The Competition Commission estimates Ticketmaster's 2008 U.K. market share at between 40-50%; it also operates in Ireland, Finland, Denmark, Sweden, the Netherlands, Germany and Spain, and has affiliates in France, Hungary, Poland, Portugal and Slovakia. See Group was about half the market share in the U.K.

There has been no public statement from See on the proposed merger, but secondary ticketing firm Seatwave welcome the regulator's preliminary report.

"Clearly, the Competition Commission believes that more choice in the market leads to lower ticket prices for fans, consistent with Seatwave's long-held belief," said CEO and founder Joe Cohen. "Seatwave will continue to champion fans' rights to buy tickets from whomever they choose, at competitive prices and with complete control over the disposition of their own tickets. This ruling sends a clear message that promoters and ticketing companies cannot create walled gardens that force fans into a single, higher-priced channel. It appears this ruling opens the way for a more fan-friendly, interoperable future in event ticketing."

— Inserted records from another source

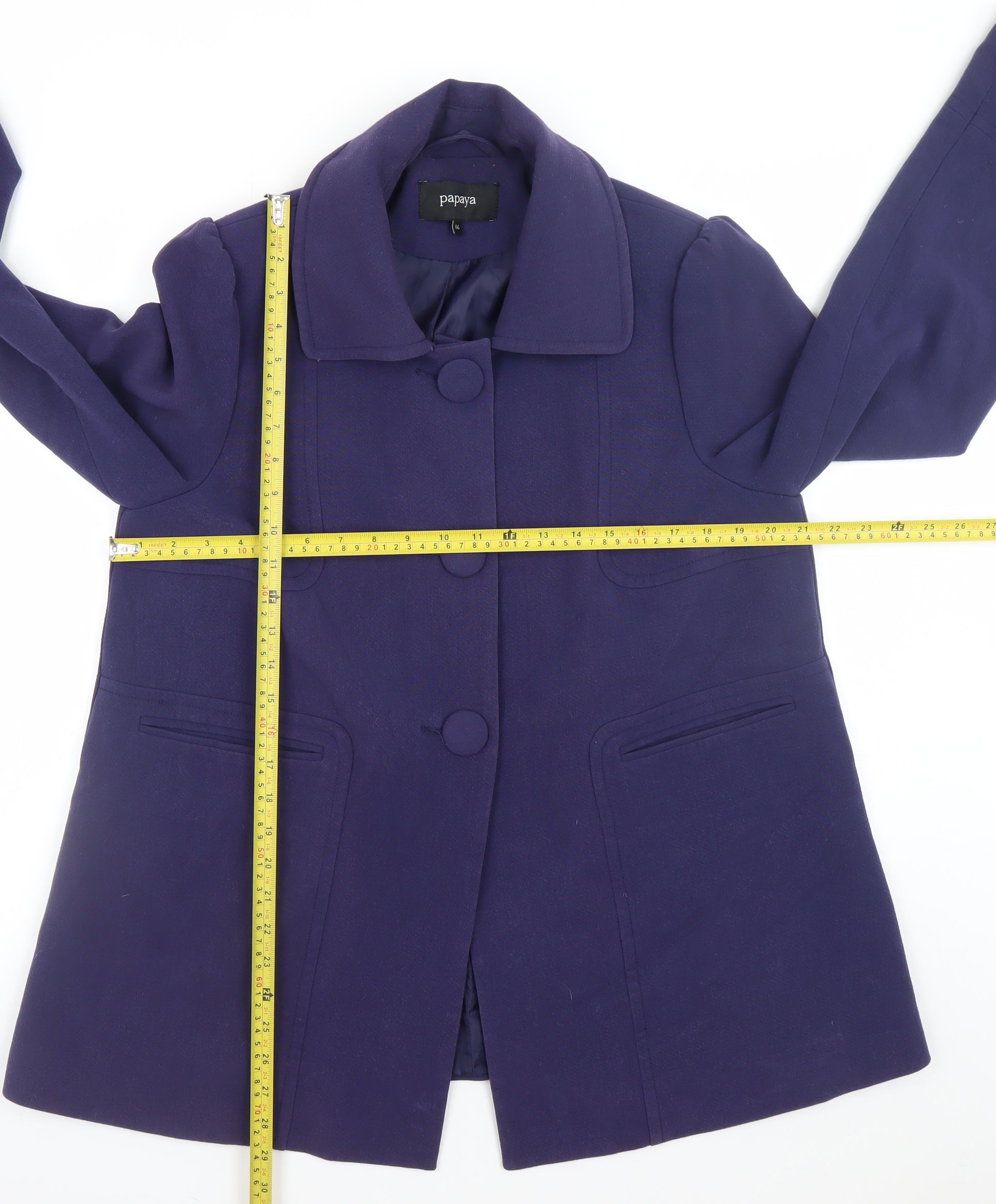 Step out in timeless style with this beautiful women's purple overcoat from Papaya. Designed for both comfort and elegance, this mid-length coat is a versatile wardrobe staple ideal for the colder months. Crafted with a blend of polyester, viscose and elastane, the coat offers durability, softness, and a touch of stretch for ease of wear. The rich purple tone adds a pop of colour while maintaining a sophisticated appearance suitable for both everyday wear and smarter occasions.The tailored cut enhances your silhouette, while the collared neckline and structured seams add a classic touch. Featuring a secure button closure and two slip pockets, it combines practicality with stylish detailing. The coat is fully lined in polyester, offering warmth and a smooth finish throughout. This design is perfect for layering over jumpers, blouses or dresses, making it an adaptable addition to any outfit. Ideal for casual outings, workwear or an evening look, it balances modern chic with everyday comfort.In excellent pre-owned condition, this piece shows minimal signs of wear and retains its sharp colour and shape. With its simple yet refined construction, this Papaya coat will elevate any outfit effortlessly. Whether teamed with jeans and boots for a day out or styled over tailored pieces for the office, it provides a polished finish suitable for any occasion. Treat yourself to a staple that blends elegance and practicality, ensuring a flattering fit and timeless appeal that you’ll reach for season after season.
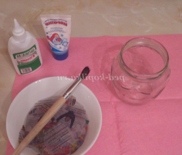 2. Змастити клеєм ПВА вазу і обклеїти шматочками газети її в 5-8 шарів. Кожен шар повинен підсохнути. Шматочки газети необхідно притискати ганчірочкою. Проклеєну вазу необхідно залишити висихати близько двох днів.
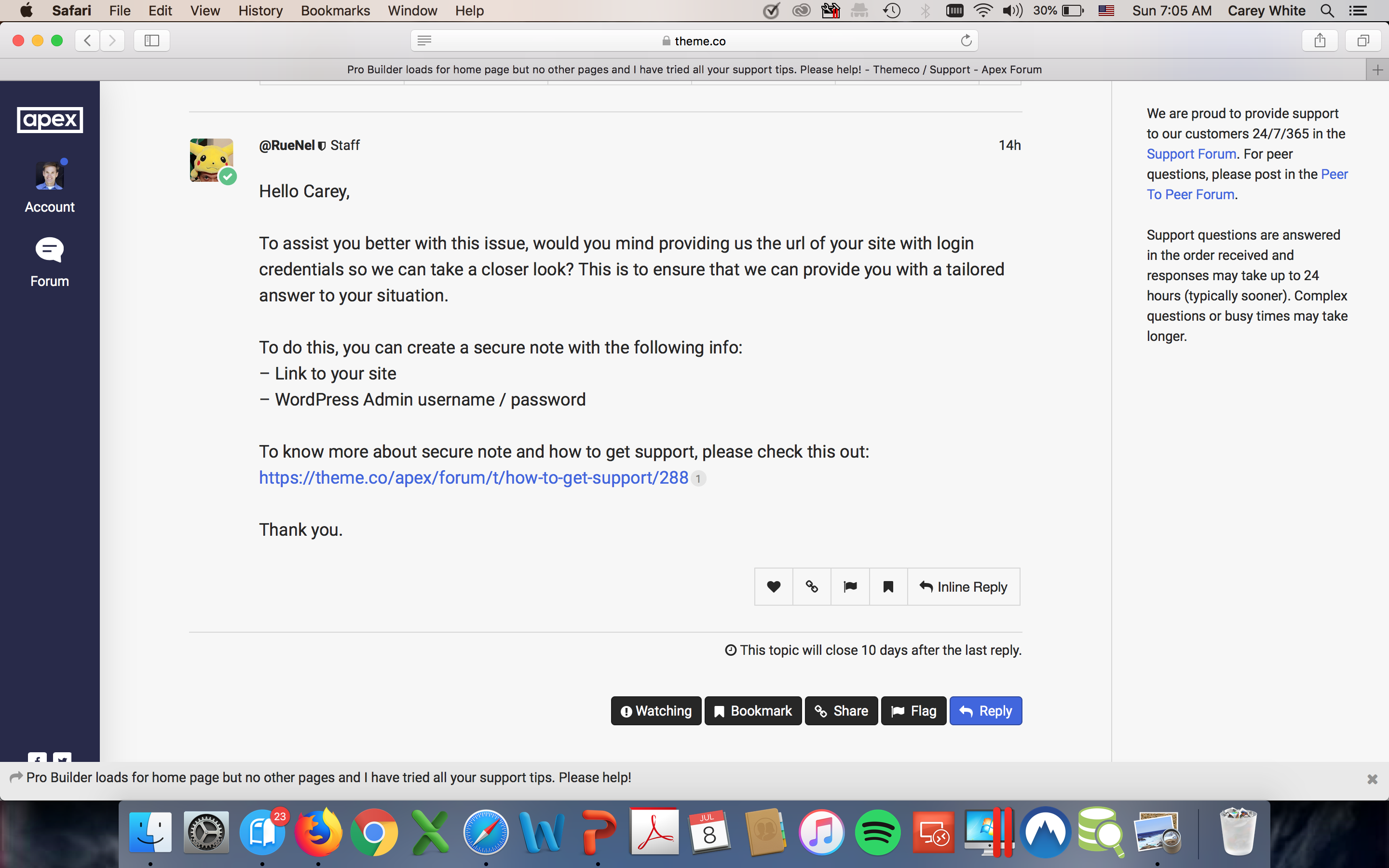 That wasn’t it but your answer helped me find the problem: Pro doesn’t work with Firefox latest version (61). It works with Chrome and Safari (both worked fine once I realized you must be on a different browser) but there’s something wrong when I use Firefox. You might want to tell your developers, I doubt I am the only customer using Firefox. In the meantime I can do development with Chrome or Safari, so I should be OK. Thank you!
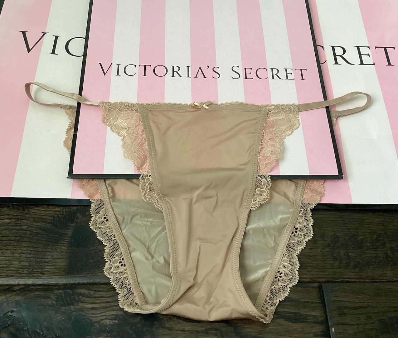 как выглядит NEW Victorias Secret DREAM ANGELS Smooth Mini String Bikini Panty Beige Size M фото
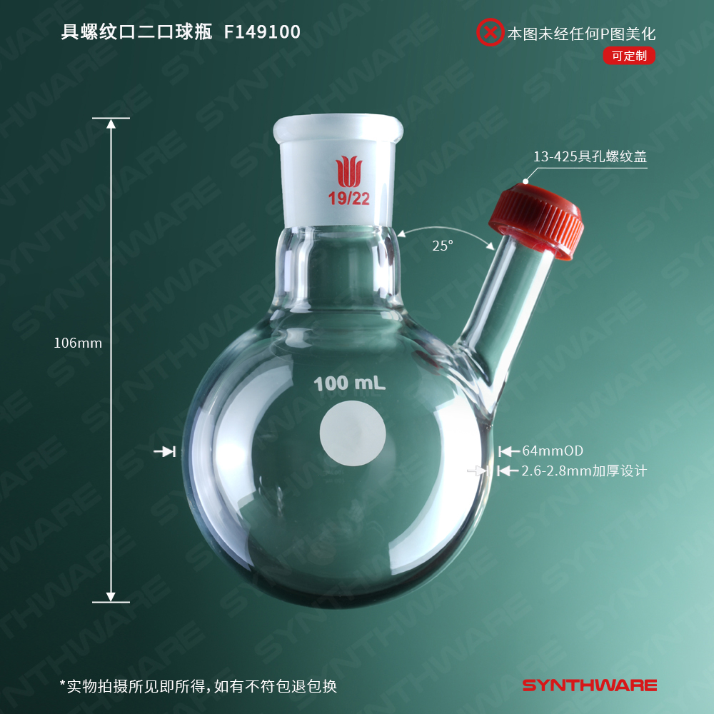 具螺纹口二口球瓶,磨口:19/22,100ml F149100
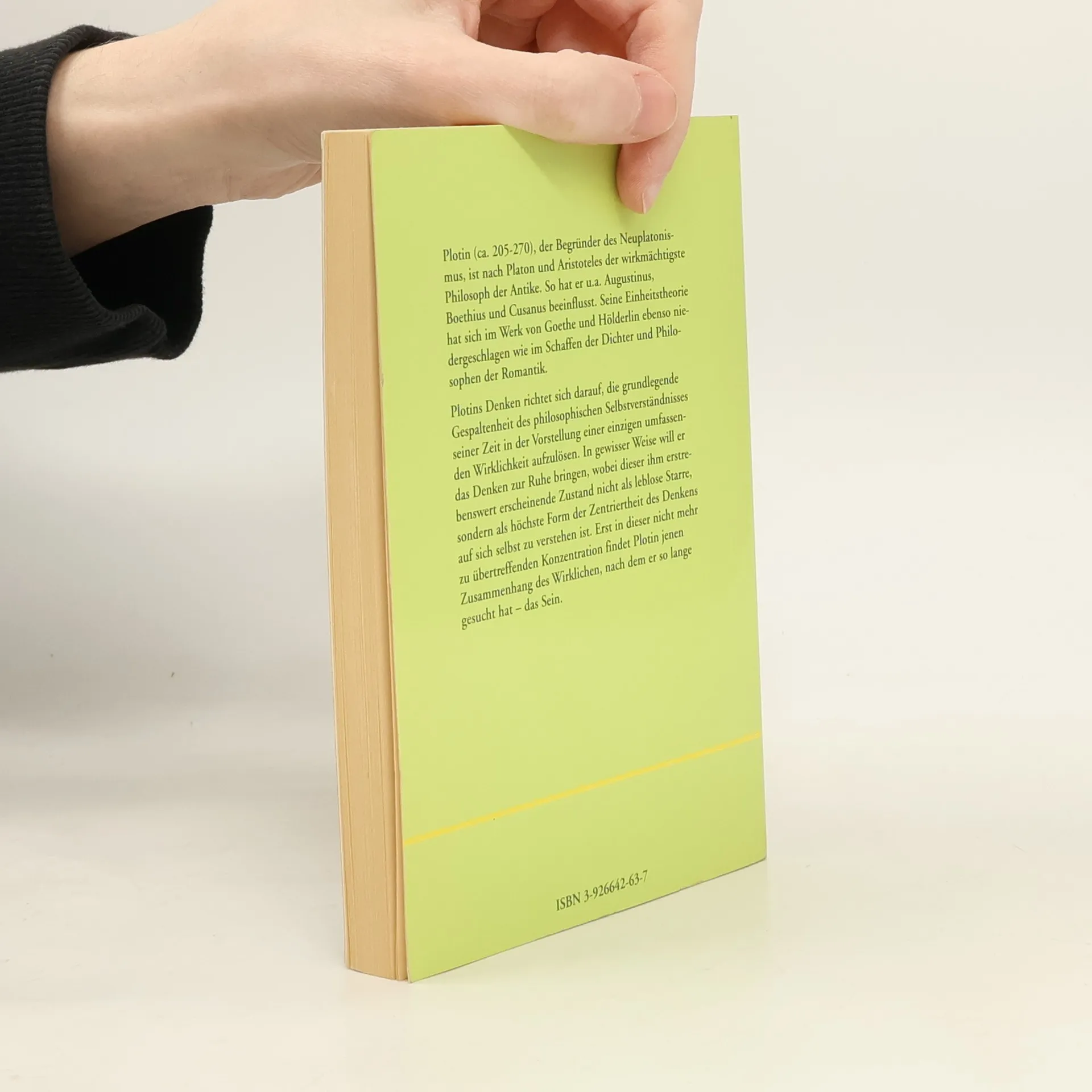 Plotin, der Begründer des Neuplatonismus, ist nach Platon und Aristoteles der bedeutendste Philosoph der Antike. Ausgangspunkt seiner Lehre ist das All-Eine, das Urgute, aus dem alle weiteren Erscheinungsformen hervorgehen. Seine Einheitstheorie hat u. a. Augustinus und Cusanus beeinflusst und sich im Werk von Goethe und Hölderlin ebenso niedergeschlagen, wie im Schaffen der großen Dichter und Philosophen der Romantik.
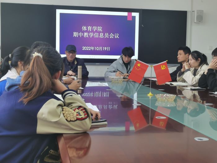为进一步强化教学管理,提高课堂教学质量,充分发挥学生在教学管理活动中的积极作用,体育学院于2022年10月19日12:30,在体育学院会议室召开了学生教学信息员会议。会议由王彦银主持,出席会议的有体育学院院长白明、主管教学副院长陈芳芳、体育学院各班教学信息员。
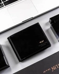 Skórzany portfel męski czarny z kontrastowym obszyciem — Peterson 302.03-5545 BL
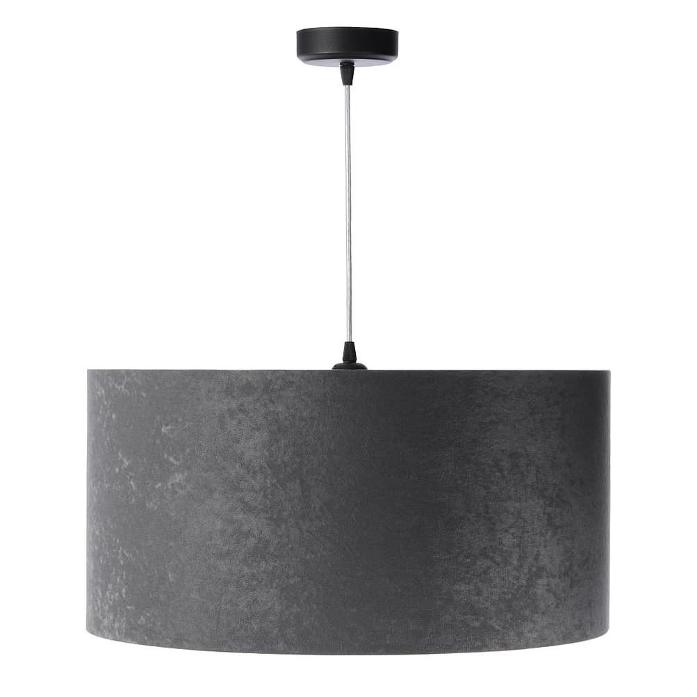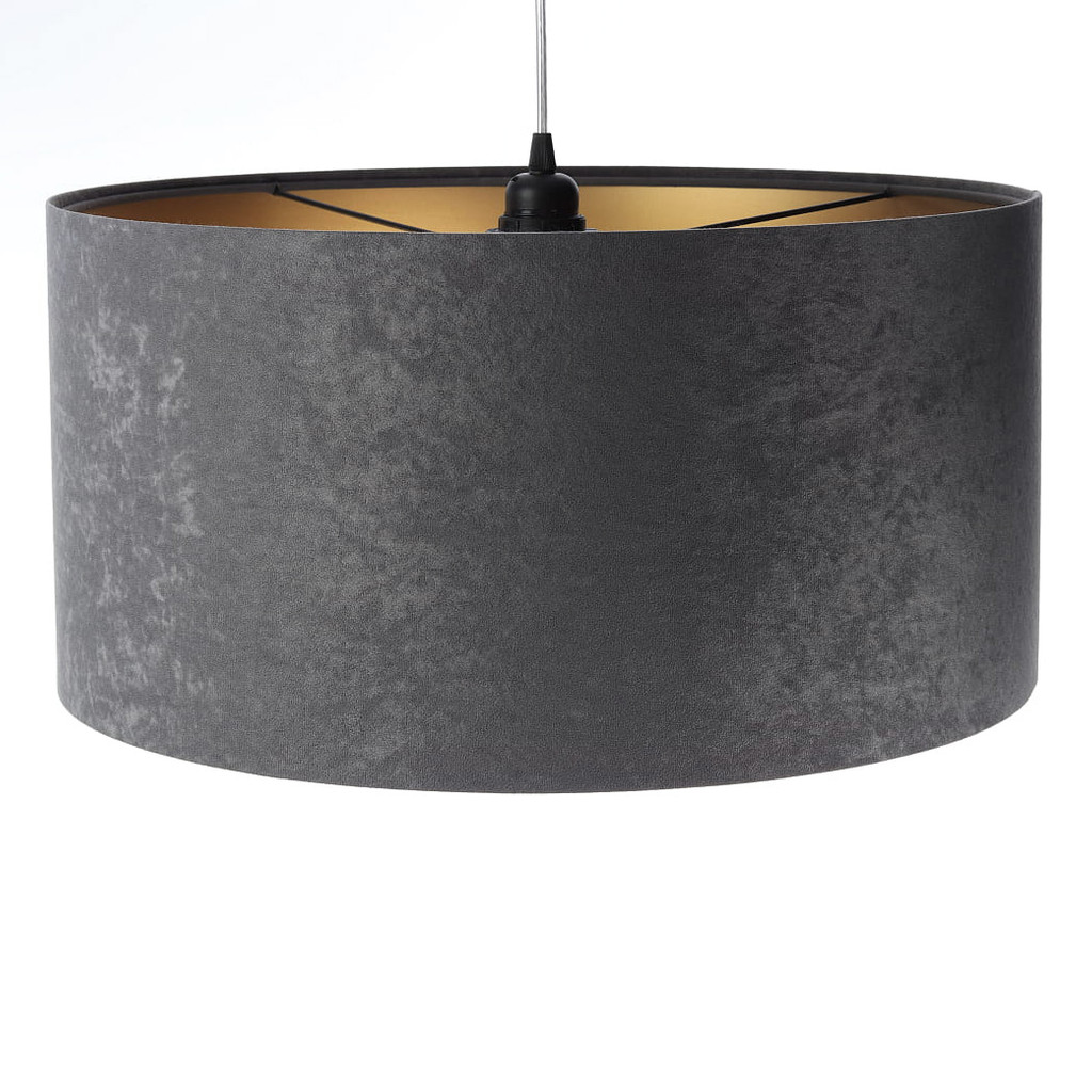 Ciemnoszara lampa wisząca, welurowa, z walcowym abażurem ze srebrnym wnętrzem GRAFIT
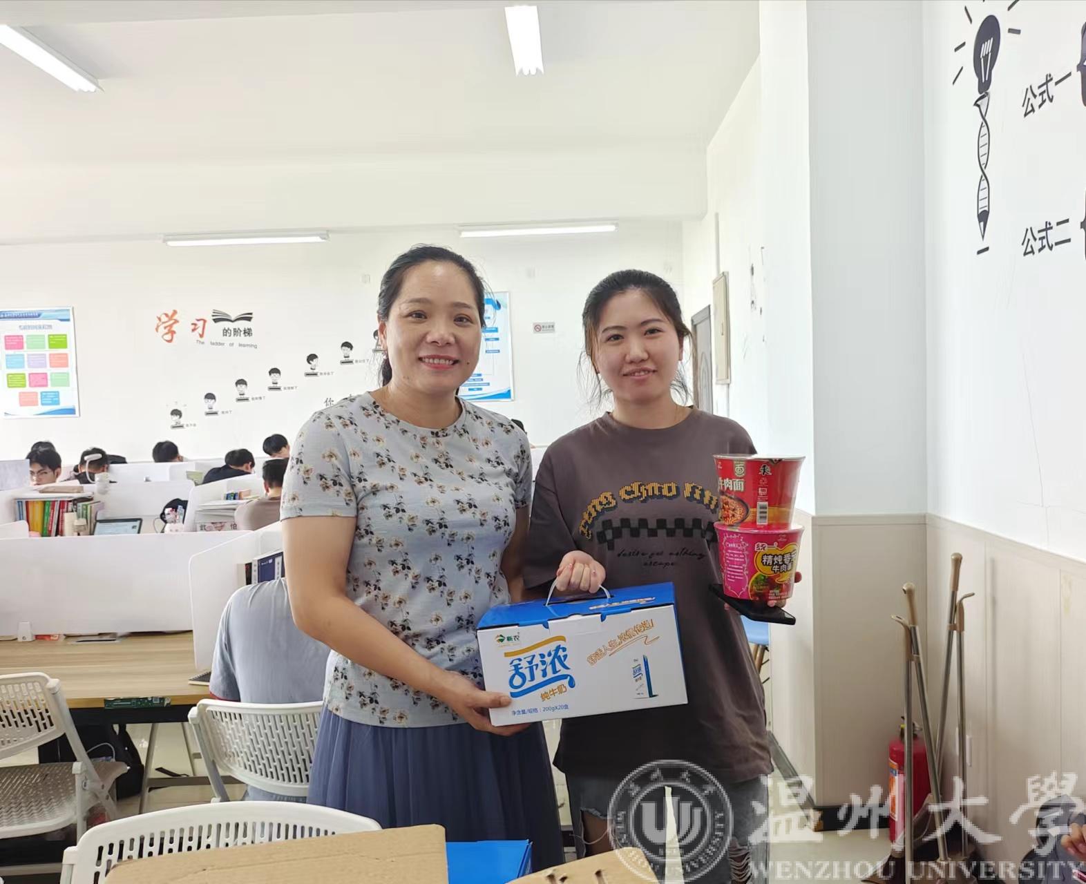 夏日炎炎,骄阳似火。暑期两个月是考研学子备考的关键阶段。为缓解考研学子学习压力,增强考研信心,7月5日上午欧美无码 党委副书记曾蓓蕾、辅导员潘龙飞、陈海彤到学院考研自习室走访慰问暑期考研留校学生,并分发暑期考研慰问品。

Live Nation's business in Europe is broad and includes a string of independent European promotion and management companies acquired when LN predecessors SFX and Clear Channel Entertainment rolled up the European promotion industry beginning a decade ago. Live Nation is the largest festival promoter in Europe, and books and manages a wide range of venues.

The CC listed several possible remedies including the divestment of the U.K. business of either Ticketmaster of Live Nation, probably a distasteful option for either company; or measures to ensure that CTS or another ticket agent can sell Live Nation's tickets.

"In this case the obvious behavioral remedy would be some sort of commitment from Live Nation that it will continue to supply tickets through people other than Ticketmaster," says Barnes. But competition authorities are "quite wary" of behavioral remedies, he adds.

Presumably Ticketmaster and Live Nation would prefer the U.S. Justice Department to focus on this part of the Competition Commission statement: "The Commission has not found any adverse effects on competition affecting other ticketing agents, promoters and venue operators that arise from the merger."

The merger is also being investigated by the U.S. Dept. of Justice, which is consulting with the Competition Commission. The Commission is an independent public body that investigates mergers, markets and regulated industries. The consultation on its findings will run until Oct. 29 and a final report is expected by Nov. 24, following an examination of ways to address the loss of competition. Ticketmaster and Live Nation could appeal its decision.

There has been no further comment from Ticketmaster and Live Nation.